International medical insurance plans also cover rare conditions such as congenital abnormalities and help overcome issues such as low coverage limits for dental treatments and vision-related treatments that are associated with local medical plans.
Additionally, international medical plans not only cover a wide hospital network with top medical facilities, they also provide flexibility in that they remain in place even when employees are transferred from international to local contracts.
As businesses expand into unchartered markets, they will face the need to move the best of their global talent. It is imperative that these employees have up-to-date international health plans that cover all possible pain points for them to make the move happily.

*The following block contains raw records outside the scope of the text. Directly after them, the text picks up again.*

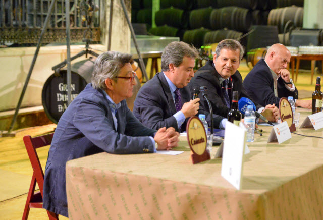 El director general de Williams & Humbert, Jesús Medina, el crítico de arte, Bernardo Palomo y el delegado de Turismo, Cultura y Fiestas, Antonio Real Granado, fueron los encargados de presentar este acto al que acudieron más de 200 personas, entre las cuales se contaban personalidades relevantes del mundo de la fotografía y el arte, así como del vino de Jerez, como el secretario general del Consejo Regulador del Vino de Jerez, César Saldaña.
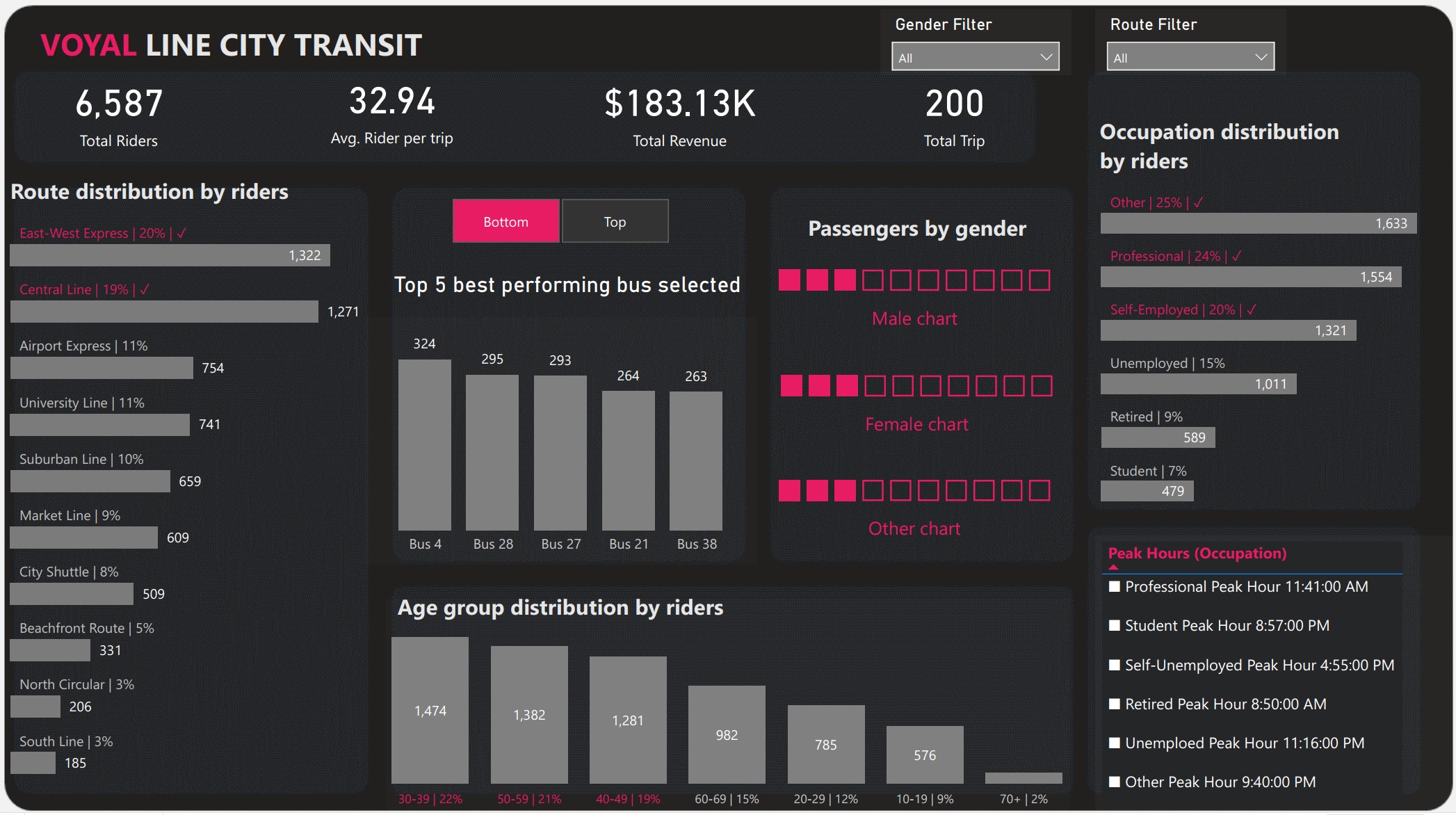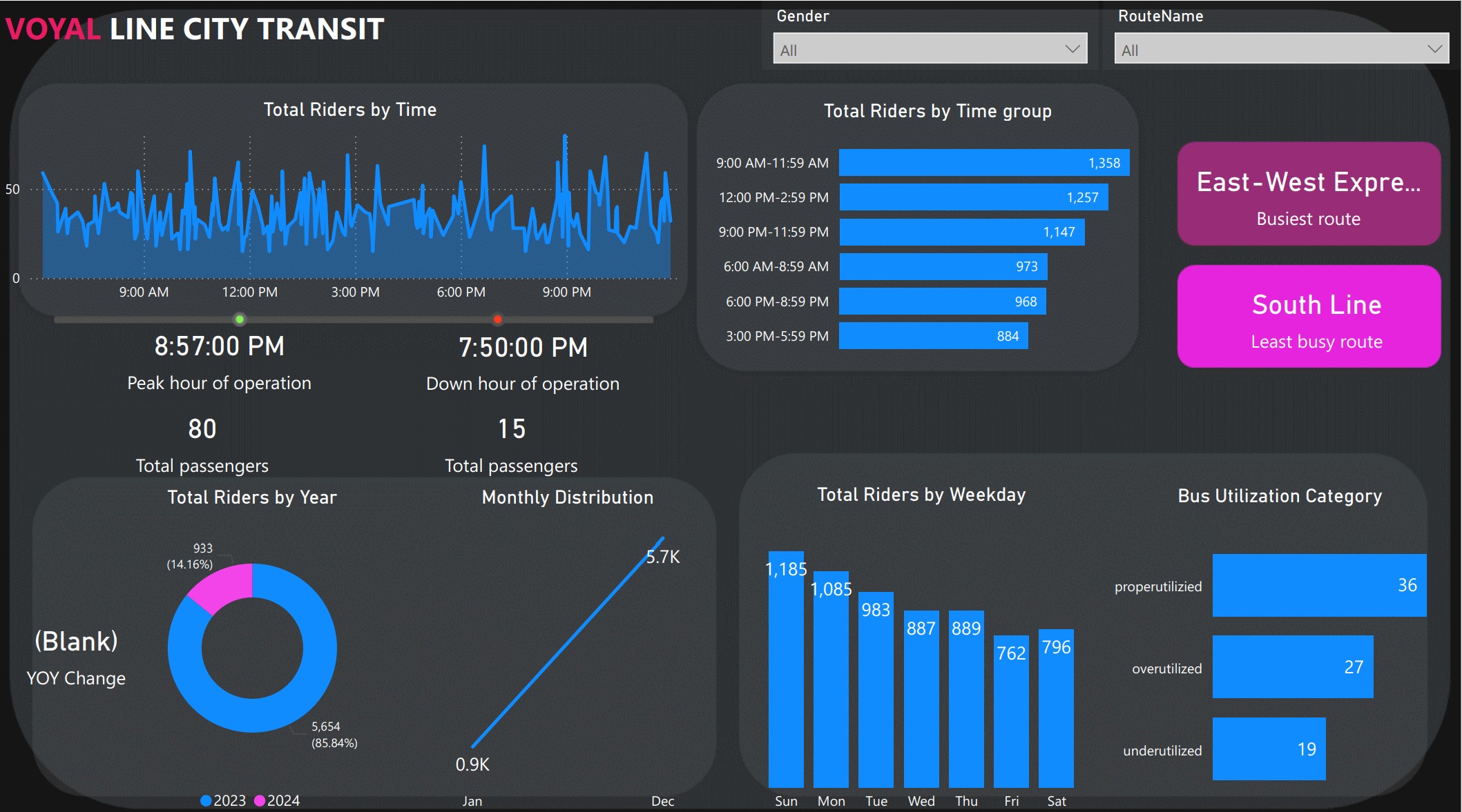 This project focuses on understanding the performance and utilization of the bus transportation system in Line City during December 2023. Key insights include rider demographics, route performance, and utilization patterns, enabling data-driven decisions for system optimization.
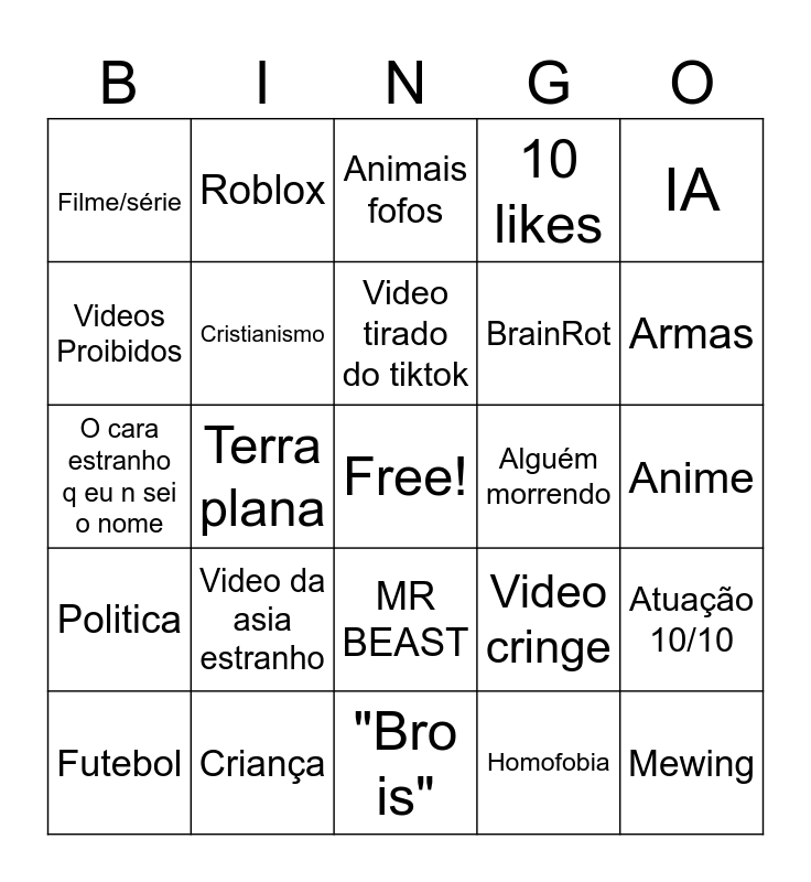 This bingo card has a free space and 24 words: Video da asia estranho, Criança, Video tirado do tiktok, Futebol, IA, Filme/série, Videos Proibidos, Roblox, Alguém morrendo, MR BEAST, BrainRot, O cara estranho q eu n sei o nome, Video cringe, Atuação 10/10, Cristianismo, Homofobia, Anime, Animais fofos, Armas, Terra plana, Mewing, Politica, 10 likes and "Bro is".
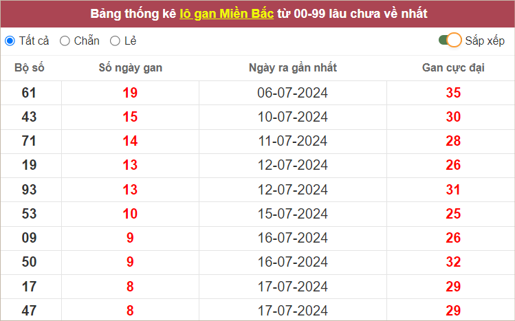 ⭐️Thống kê lô gan miền Bắc lâu ra nhất: 61 – 43 – 71 – 19 – 93
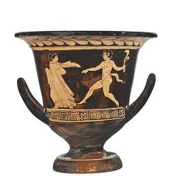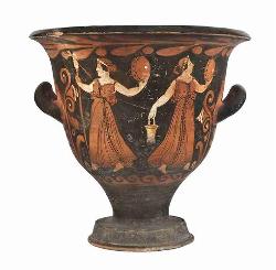 Cratere a campana campano a figure rosse Lato A:scena dionisica con menadi; Lato B: due giovani ammantati
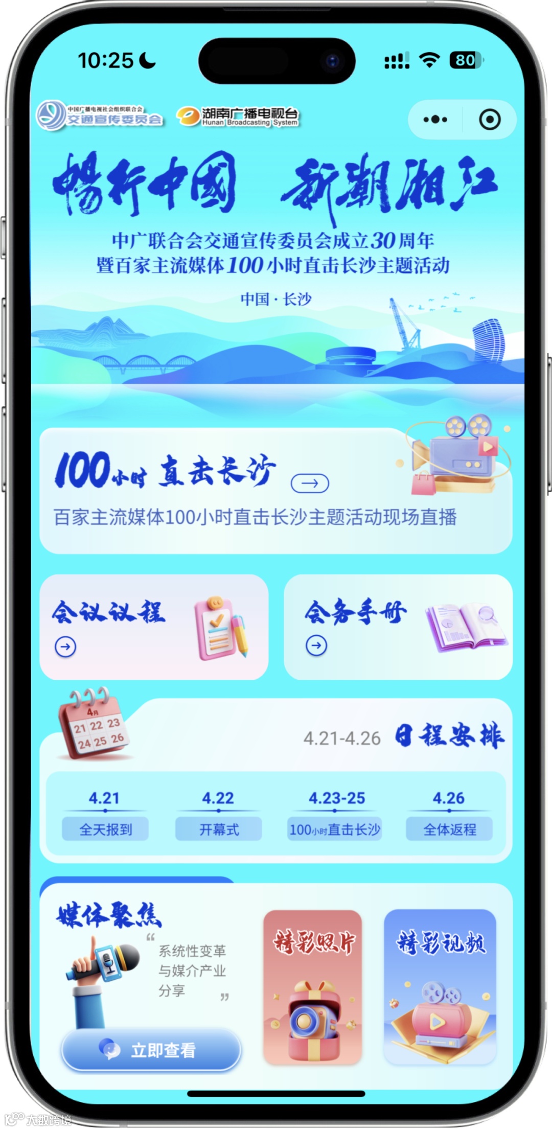 ▸ 会中:电子签到、个人参会中心、日程查询、座位查询、车辆与住宿查询、图片直播、视频直播、视频集锦、新闻动态、AI智会助手、企业专属空间

Perhaps most importantly, employees will also need the reassurance that their families will be taken care of in the event of medical emergencies, particularly as surging medical costs are a concern in many economies. For companies, the decision should not be a hard one, for it is in the health of their people that the health of their business lies. Healthy people = healthy business.
These factors can dictate employee relocation plans, and eventually impact an organization’s talent pool both within and outside Asia.
Neil Narale is a partner and health leader at Mercer Marsh Benefits, an award-winning global health and wellness consultancy. Neil's client responsibilities centre on helping multinational and local organisations manage their employee health and benefit offerings from a regional and local perspective. Neil received his Bachelor's of Science degree in Mathematics and Statistics from the University of Western Ontario. He is a Fellow of the Society of Actuaries (US) and a Fellow of the Canadian Institute of Actuaries.